> **Instructions for the task**: I'd like the entries repeated exactly, without their pictures.

[Items listed in a dataset]
Start of Block
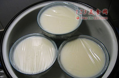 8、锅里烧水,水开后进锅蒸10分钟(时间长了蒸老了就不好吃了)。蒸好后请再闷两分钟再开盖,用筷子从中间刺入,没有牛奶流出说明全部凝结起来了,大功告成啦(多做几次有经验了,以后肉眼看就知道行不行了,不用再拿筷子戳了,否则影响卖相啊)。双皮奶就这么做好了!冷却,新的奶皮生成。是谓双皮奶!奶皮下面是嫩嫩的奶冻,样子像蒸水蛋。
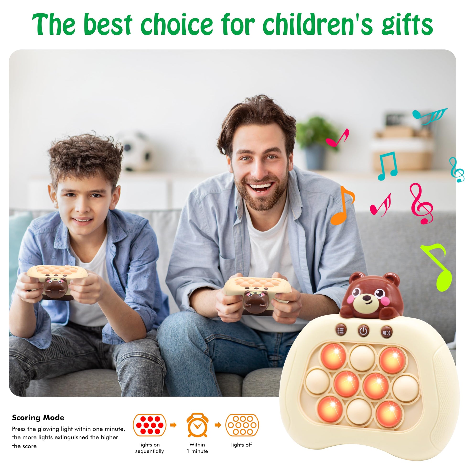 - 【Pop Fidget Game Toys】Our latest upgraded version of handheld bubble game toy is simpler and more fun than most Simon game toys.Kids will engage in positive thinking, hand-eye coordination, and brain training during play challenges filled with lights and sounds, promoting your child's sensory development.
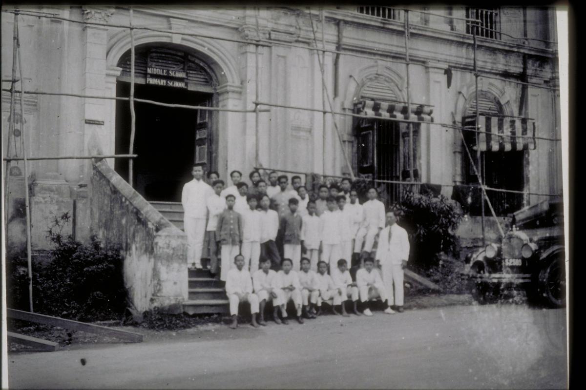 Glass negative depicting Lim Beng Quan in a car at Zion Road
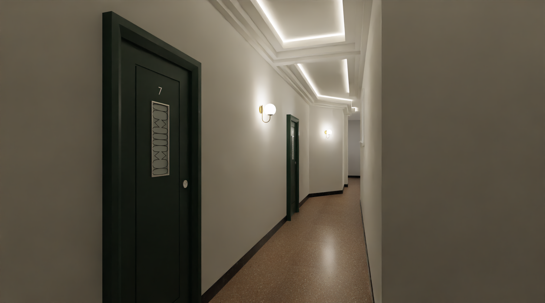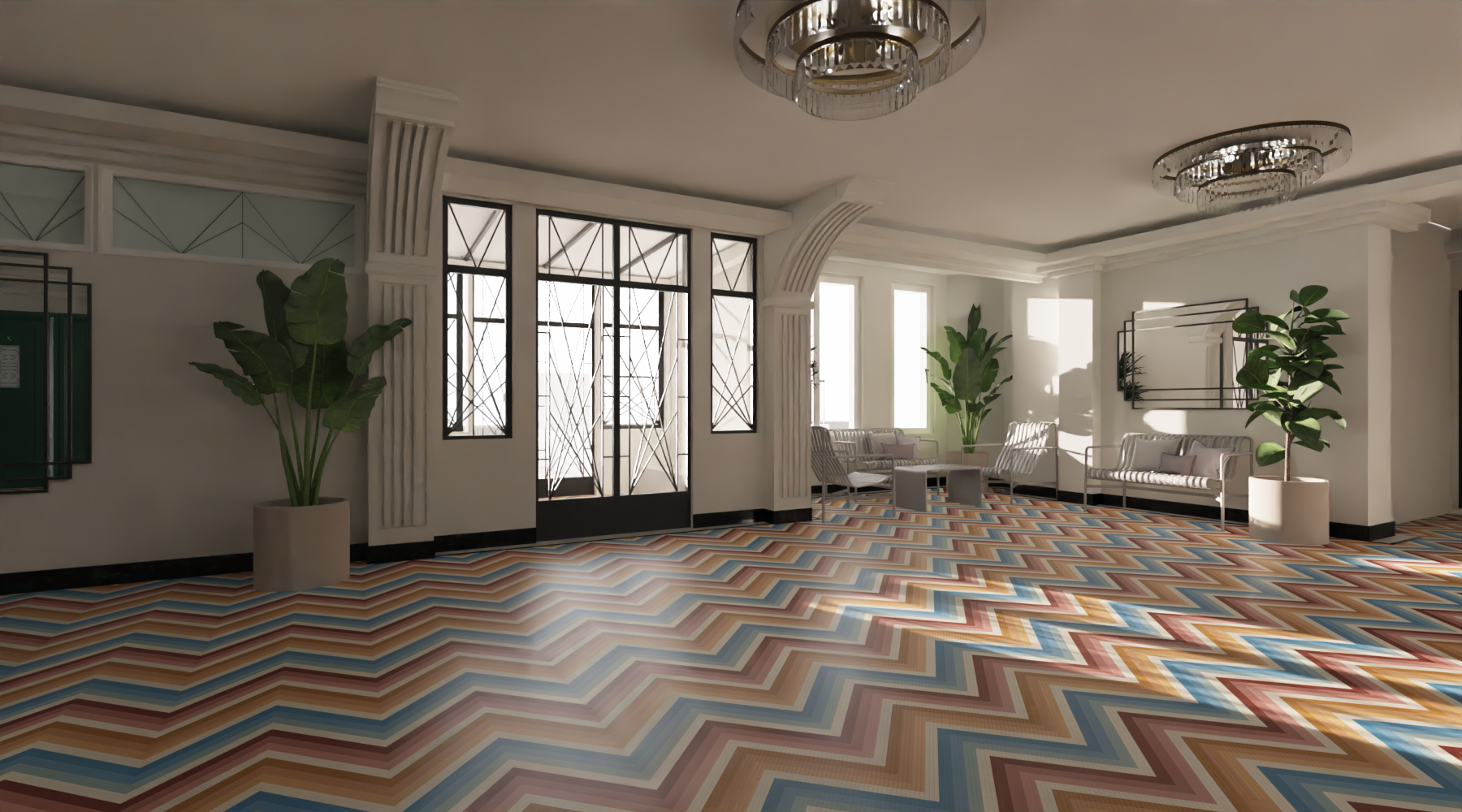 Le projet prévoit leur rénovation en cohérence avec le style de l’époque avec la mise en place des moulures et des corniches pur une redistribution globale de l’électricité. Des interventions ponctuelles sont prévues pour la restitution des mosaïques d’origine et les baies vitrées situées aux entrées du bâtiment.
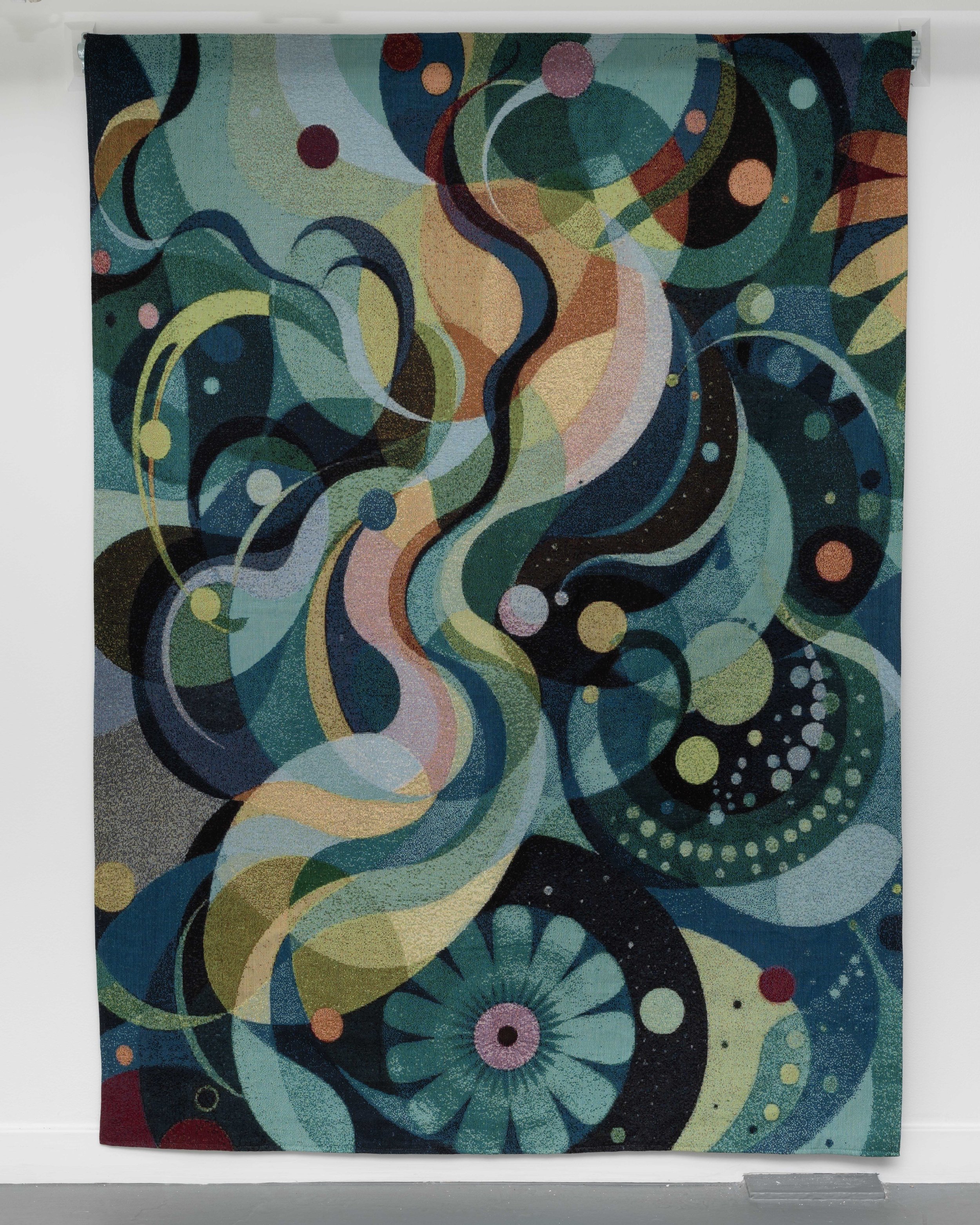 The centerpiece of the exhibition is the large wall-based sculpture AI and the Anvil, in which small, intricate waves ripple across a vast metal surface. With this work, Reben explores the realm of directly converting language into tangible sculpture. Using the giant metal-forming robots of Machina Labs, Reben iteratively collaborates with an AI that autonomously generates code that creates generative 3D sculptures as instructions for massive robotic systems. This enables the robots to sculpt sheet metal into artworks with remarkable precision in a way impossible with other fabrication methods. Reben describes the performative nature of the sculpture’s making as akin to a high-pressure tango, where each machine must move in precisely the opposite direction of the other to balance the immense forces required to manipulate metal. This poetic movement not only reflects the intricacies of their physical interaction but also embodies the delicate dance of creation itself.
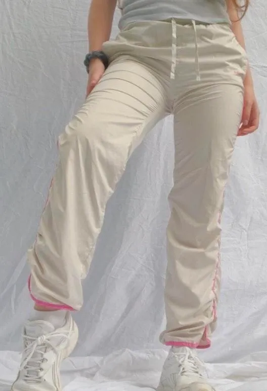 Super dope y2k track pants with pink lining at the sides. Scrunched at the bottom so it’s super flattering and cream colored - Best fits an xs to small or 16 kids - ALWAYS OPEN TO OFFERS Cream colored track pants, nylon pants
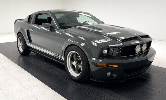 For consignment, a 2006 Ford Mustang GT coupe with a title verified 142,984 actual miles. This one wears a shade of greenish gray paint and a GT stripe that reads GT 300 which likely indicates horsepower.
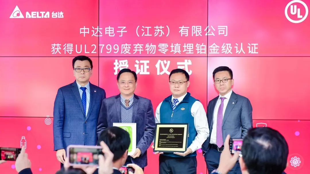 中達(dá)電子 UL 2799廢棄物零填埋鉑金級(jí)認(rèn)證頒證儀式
End of Block
> **Task response**:
 8、锅里烧水,水开后进锅蒸10分钟(时间长了蒸老了就不好吃了)。蒸好后请再闷两分钟再开盖,用筷子从中间刺入,没有牛奶流出说明全部凝结起来了,大功告成啦(多做几次有经验了,以后肉眼看就知道行不行了,不用再拿筷子戳了,否则影响卖相啊)。双皮奶就这么做好了!冷却,新的奶皮生成。是谓双皮奶!奶皮下面是嫩嫩的奶冻,样子像蒸水蛋。
 - 【Pop Fidget Game Toys】Our latest upgraded version of handheld bubble game toy is simpler and more fun than most Simon game toys.Kids will engage in positive thinking, hand-eye coordination, and brain training during play challenges filled with lights and sounds, promoting your child's sensory development.
 Glass negative depicting Lim Beng Quan in a car at Zion Road
 Le projet prévoit leur rénovation en cohérence avec le style de l’époque avec la mise en place des moulures et des corniches pur une redistribution globale de l’électricité. Des interventions ponctuelles sont prévues pour la restitution des mosaïques d’origine et les baies vitrées situées aux entrées du bâtiment.
 The centerpiece of the exhibition is the large wall-based sculpture AI and the Anvil, in which small, intricate waves ripple across a vast metal surface. With this work, Reben explores the realm of directly converting language into tangible sculpture. Using the giant metal-forming robots of Machina Labs, Reben iteratively collaborates with an AI that autonomously generates code that creates generative 3D sculptures as instructions for massive robotic systems. This enables the robots to sculpt sheet metal into artworks with remarkable precision in a way impossible with other fabrication methods. Reben describes the performative nature of the sculpture’s making as akin to a high-pressure tango, where each machine must move in precisely the opposite direction of the other to balance the immense forces required to manipulate metal. This poetic movement not only reflects the intricacies of their physical interaction but also embodies the delicate dance of creation itself.
 Super dope y2k track pants with pink lining at the sides. Scrunched at the bottom so it’s super flattering and cream colored - Best fits an xs to small or 16 kids - ALWAYS OPEN TO OFFERS Cream colored track pants, nylon pants
 For consignment, a 2006 Ford Mustang GT coupe with a title verified 142,984 actual miles. This one wears a shade of greenish gray paint and a GT stripe that reads GT 300 which likely indicates horsepower.
 中達(dá)電子 UL 2799廢棄物零填埋鉑金級(jí)認(rèn)證頒證儀式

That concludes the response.